→ Task prompt
Below are the records to transcribe exactly; do not include any images.

→ Input
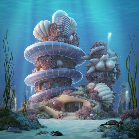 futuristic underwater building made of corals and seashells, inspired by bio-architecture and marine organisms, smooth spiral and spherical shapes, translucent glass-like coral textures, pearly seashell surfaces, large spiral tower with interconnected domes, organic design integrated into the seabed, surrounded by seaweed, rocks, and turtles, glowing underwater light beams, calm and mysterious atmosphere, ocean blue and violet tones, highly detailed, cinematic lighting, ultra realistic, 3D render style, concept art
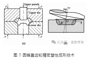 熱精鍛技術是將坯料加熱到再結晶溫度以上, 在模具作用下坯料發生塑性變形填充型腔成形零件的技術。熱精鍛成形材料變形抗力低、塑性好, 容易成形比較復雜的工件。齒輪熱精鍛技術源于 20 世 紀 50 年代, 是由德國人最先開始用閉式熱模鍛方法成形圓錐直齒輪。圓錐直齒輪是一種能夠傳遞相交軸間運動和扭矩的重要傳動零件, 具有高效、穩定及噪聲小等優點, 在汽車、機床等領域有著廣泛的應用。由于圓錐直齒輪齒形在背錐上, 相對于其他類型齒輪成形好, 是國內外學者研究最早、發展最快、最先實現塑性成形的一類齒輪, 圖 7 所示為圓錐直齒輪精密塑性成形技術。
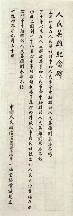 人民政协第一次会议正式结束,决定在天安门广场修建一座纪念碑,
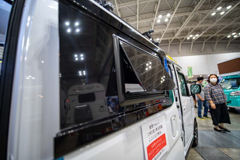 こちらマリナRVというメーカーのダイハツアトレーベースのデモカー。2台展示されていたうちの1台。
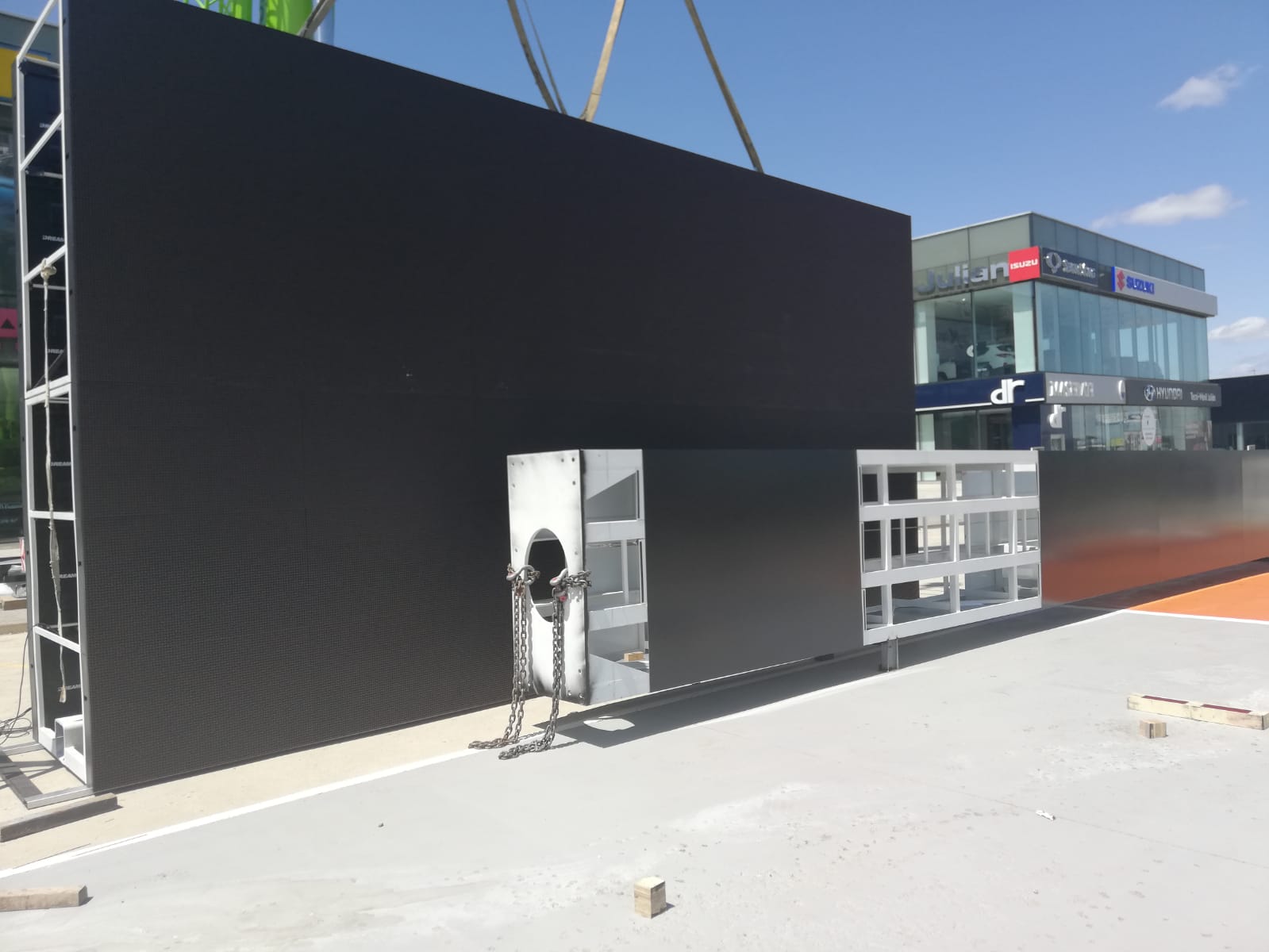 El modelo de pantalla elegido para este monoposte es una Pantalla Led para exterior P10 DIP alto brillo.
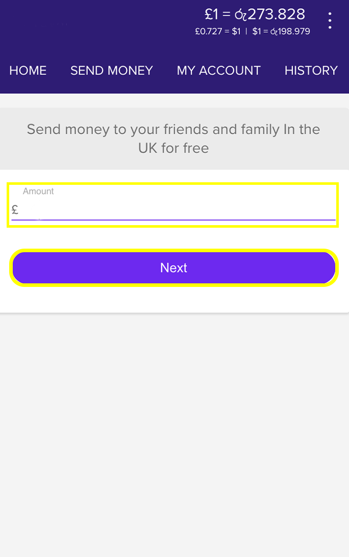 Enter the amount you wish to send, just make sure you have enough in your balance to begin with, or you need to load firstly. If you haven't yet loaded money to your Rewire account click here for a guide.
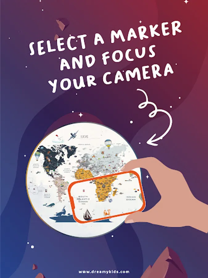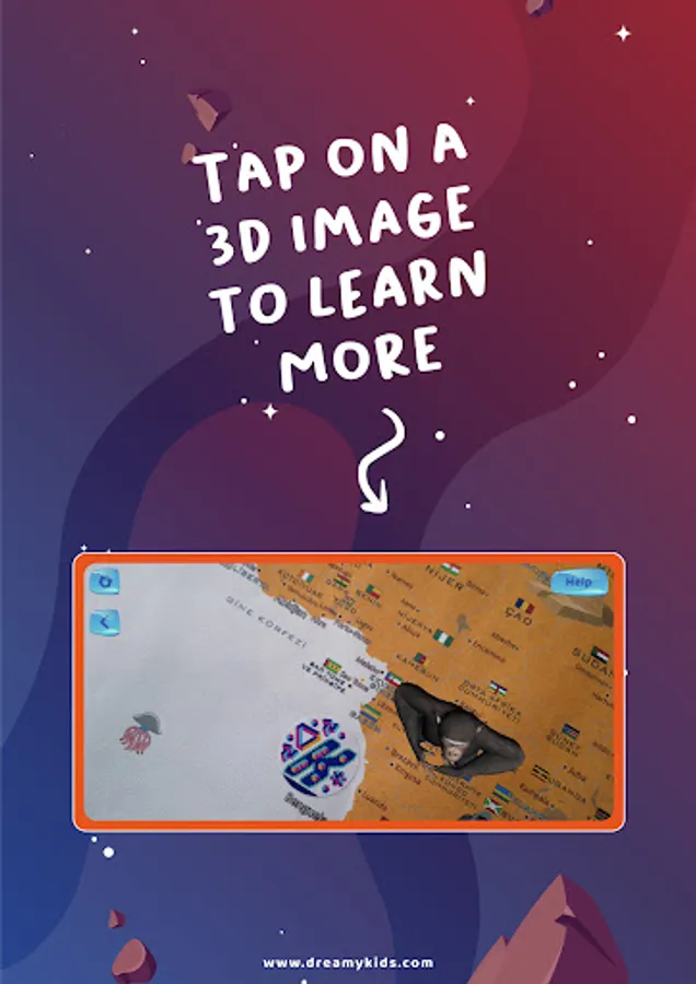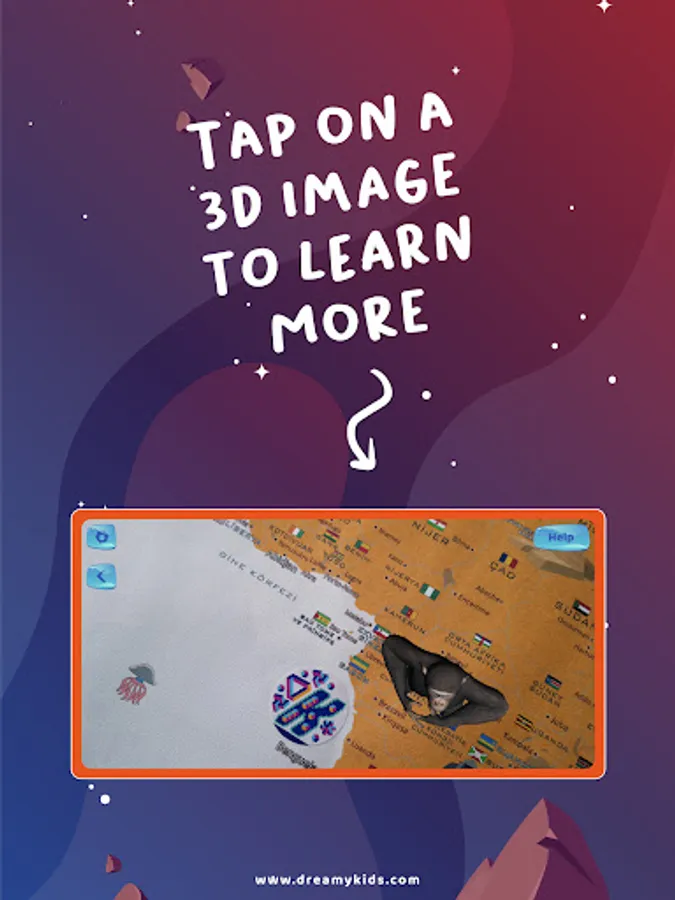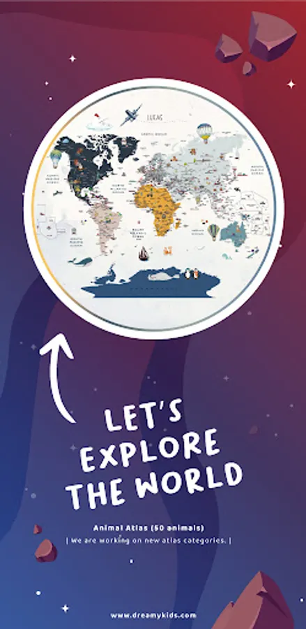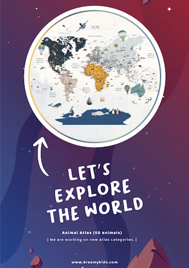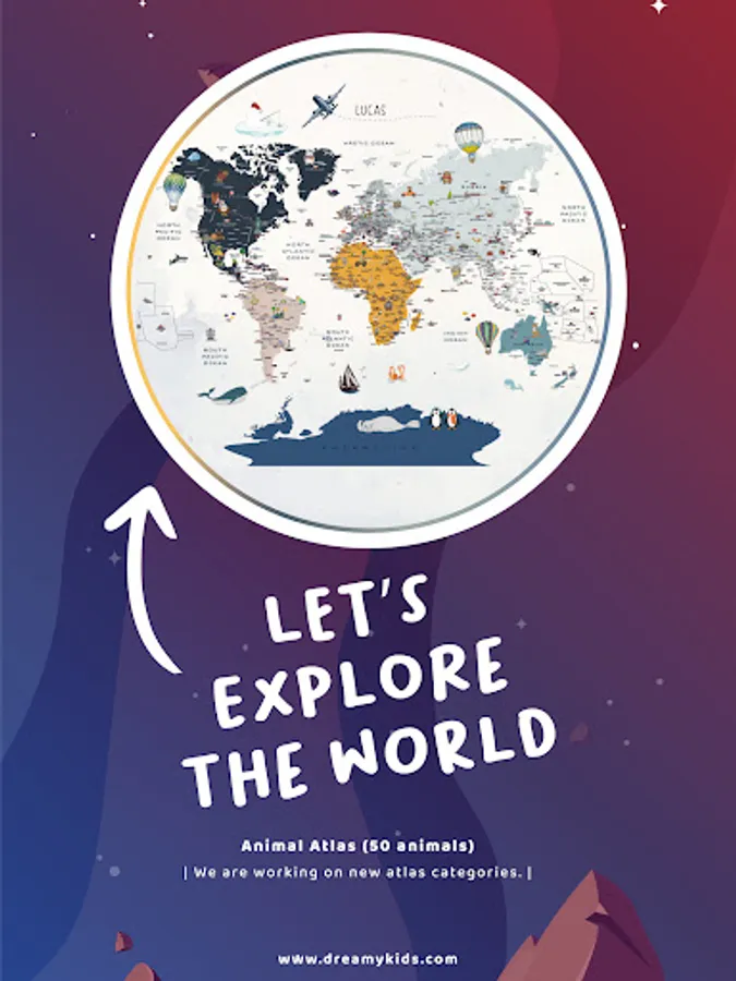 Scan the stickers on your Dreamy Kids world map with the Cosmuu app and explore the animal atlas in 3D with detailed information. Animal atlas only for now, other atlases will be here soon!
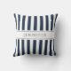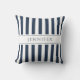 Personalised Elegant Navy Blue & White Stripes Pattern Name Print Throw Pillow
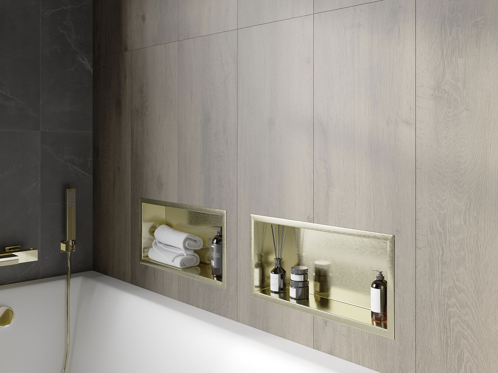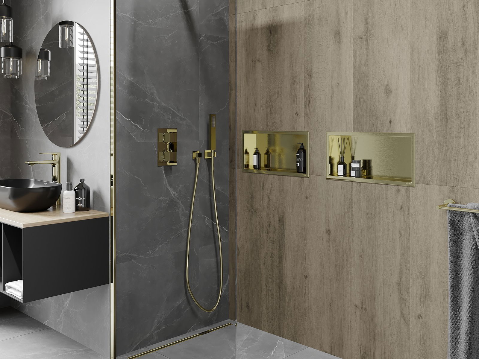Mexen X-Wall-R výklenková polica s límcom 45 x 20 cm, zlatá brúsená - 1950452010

→ Exercise solution
 futuristic underwater building made of corals and seashells, inspired by bio-architecture and marine organisms, smooth spiral and spherical shapes, translucent glass-like coral textures, pearly seashell surfaces, large spiral tower with interconnected domes, organic design integrated into the seabed, surrounded by seaweed, rocks, and turtles, glowing underwater light beams, calm and mysterious atmosphere, ocean blue and violet tones, highly detailed, cinematic lighting, ultra realistic, 3D render style, concept art
 熱精鍛技術是將坯料加熱到再結晶溫度以上, 在模具作用下坯料發生塑性變形填充型腔成形零件的技術。熱精鍛成形材料變形抗力低、塑性好, 容易成形比較復雜的工件。齒輪熱精鍛技術源于 20 世 紀 50 年代, 是由德國人最先開始用閉式熱模鍛方法成形圓錐直齒輪。圓錐直齒輪是一種能夠傳遞相交軸間運動和扭矩的重要傳動零件, 具有高效、穩定及噪聲小等優點, 在汽車、機床等領域有著廣泛的應用。由于圓錐直齒輪齒形在背錐上, 相對于其他類型齒輪成形好, 是國內外學者研究最早、發展最快、最先實現塑性成形的一類齒輪, 圖 7 所示為圓錐直齒輪精密塑性成形技術。
 人民政协第一次会议正式结束,决定在天安门广场修建一座纪念碑,
 こちらマリナRVというメーカーのダイハツアトレーベースのデモカー。2台展示されていたうちの1台。
 El modelo de pantalla elegido para este monoposte es una Pantalla Led para exterior P10 DIP alto brillo.
 Enter the amount you wish to send, just make sure you have enough in your balance to begin with, or you need to load firstly. If you haven't yet loaded money to your Rewire account click here for a guide.
 Scan the stickers on your Dreamy Kids world map with the Cosmuu app and explore the animal atlas in 3D with detailed information. Animal atlas only for now, other atlases will be here soon!
 Personalised Elegant Navy Blue & White Stripes Pattern Name Print Throw Pillow
Mexen X-Wall-R výklenková polica s límcom 45 x 20 cm, zlatá brúsená - 1950452010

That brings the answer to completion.